The human folly marches on with a growing army of religious warriors inspired by medieval philosophy.  It is better to die than to accept that others do not embrace the same beliefs.  It is better to kill than to tolerate the very existence of others.  An eye for an eye until all the world is blind [1]. 


Only the death wish, innate in the human soul, can bring together and explain the simultaneous phenomena of climate change denial and the Islamic State.  The dueling forces of destruction of the other and destruction of the self join forces in a dance of death and a celebration of the ultimate end game.  Armageddon as its own reward. 

The time approaches when humanity in all its tribal divisions must accept that no single culture, religion or philosophy holds a patent on the truth.  Humans are fallible and gods are our creations.  When we attribute infallibility to non-scientific truths we block the path to evolution and preclude the best of human nature from taking hold. 

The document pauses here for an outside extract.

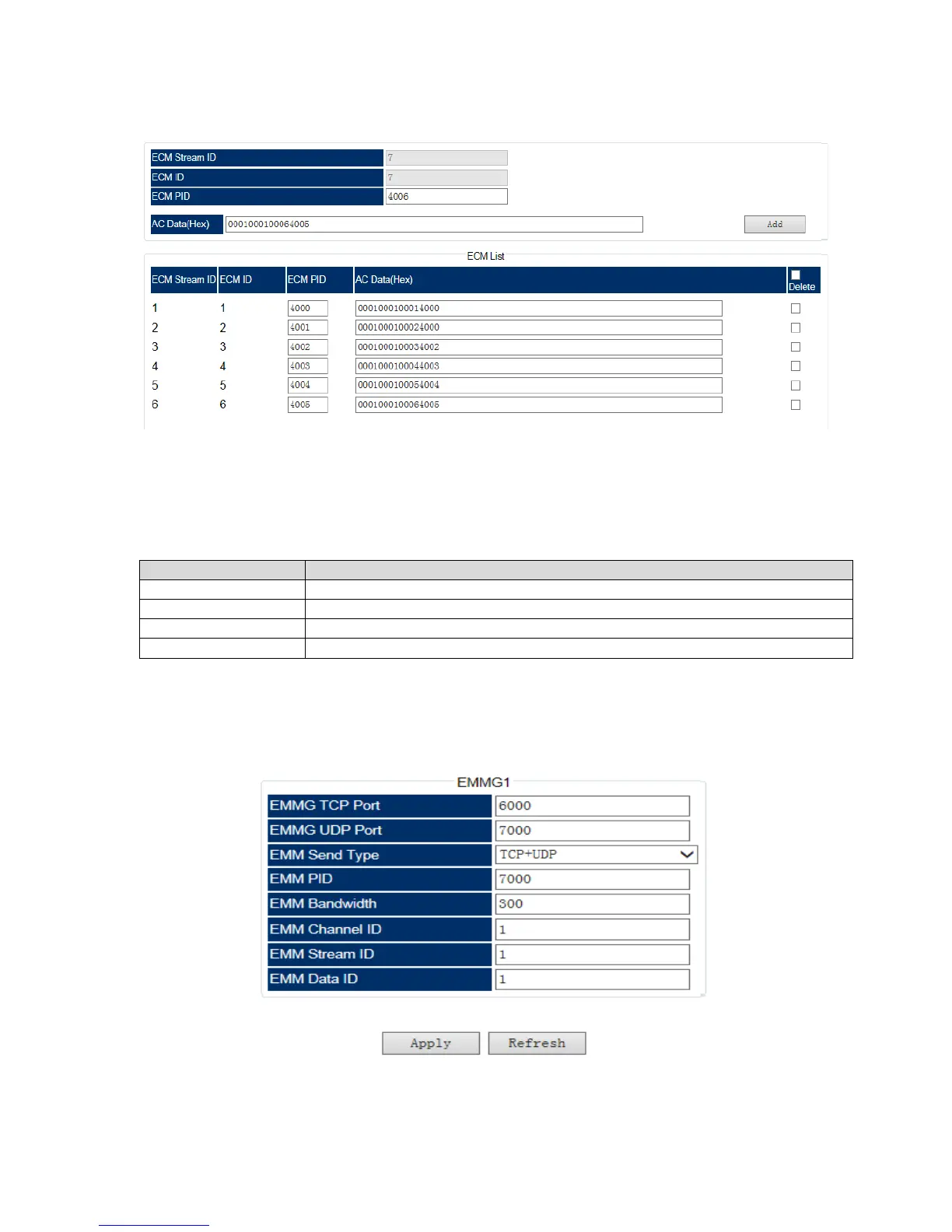 4. EMMG setup: This page allow customer to set the EMMG parameters, these

The planet is not in danger.  The earth abides and likely will for millennia to come.  It is the human species that endangers itself – along with countless other species of organic life.  Maybe that is the solution after all.  Maybe we have subconsciously prescribed a culling of the pack.  Only who is to say that the prescription we have devised is wise?  In nature the weak and the old are the first to fall, enhancing the survivability of the whole.  But we have devised means of destruction that too often do not discriminate between the weak and the strong, the wise and the foolish, the worthy and the unworthy. 

And what of our legacy?  What have we prescribed for future generations?  Have we condemned them to live out our dark visions of a post-apocalyptic world? 

We have a responsibility to do better for our descendants as well as ourselves.  We have a responsibility to create a future brighter than our past and more promising than our present. 

To fulfill our responsibility to the future – arguably our fundamental purpose – we must be willing to sacrifice in the present.  We must be willing to live with less.  We must be willing to give up many of our comforts and conveniences.  We must be willing to pay higher taxes for social benefit.  We must be willing to take action proportionate to the crisis we confront. 

Do not make the mistake of believing that any solution to our global crises is individual.  The individual may assuage a sense of blame by contributing to charities, going solar, buying organic food, encouraging tolerance or supporting higher education.  All these things are inherently good for the soul but no individual action will impact the course of history.  Any real solution must occur at the social level and must ultimately gather the support of the world. 

These are the kinds of self-sacrifice all faiths, all cultures and all societies should embrace.  Among the sacrifices all nations should make is an immediate end to unnecessary war.  In the history of civilization there is no greater waste of human and planetary resources than war.  As we might have learned by now, one war leads to another and another until all the world erupts in violence or all sides refuse to go on fighting. 

Of course, the latter would require a kind of courage rarely glimpsed in humankind.  It would require that our aspirations for future generations overcome our fears of present enemies.  It would require faith in our fellow humans to overcome their own fears. 

Too often we fail to see the good in ourselves.  Too often we are blind to that part of our enemies that holds a mirror to ourselves.  Too often we cannot see the most obvious truth of all:  We are all in this together and the dangers that threaten all of us are infinitely greater than the threats we present to each other. 

The greatest threat to all nations, all societies, all religions and cultures, at this juncture in history, is climate change.  Yes, there are other threats (nuclear annihilation) that could render much of the planet uninhabitable but this threat is clear and imminent. 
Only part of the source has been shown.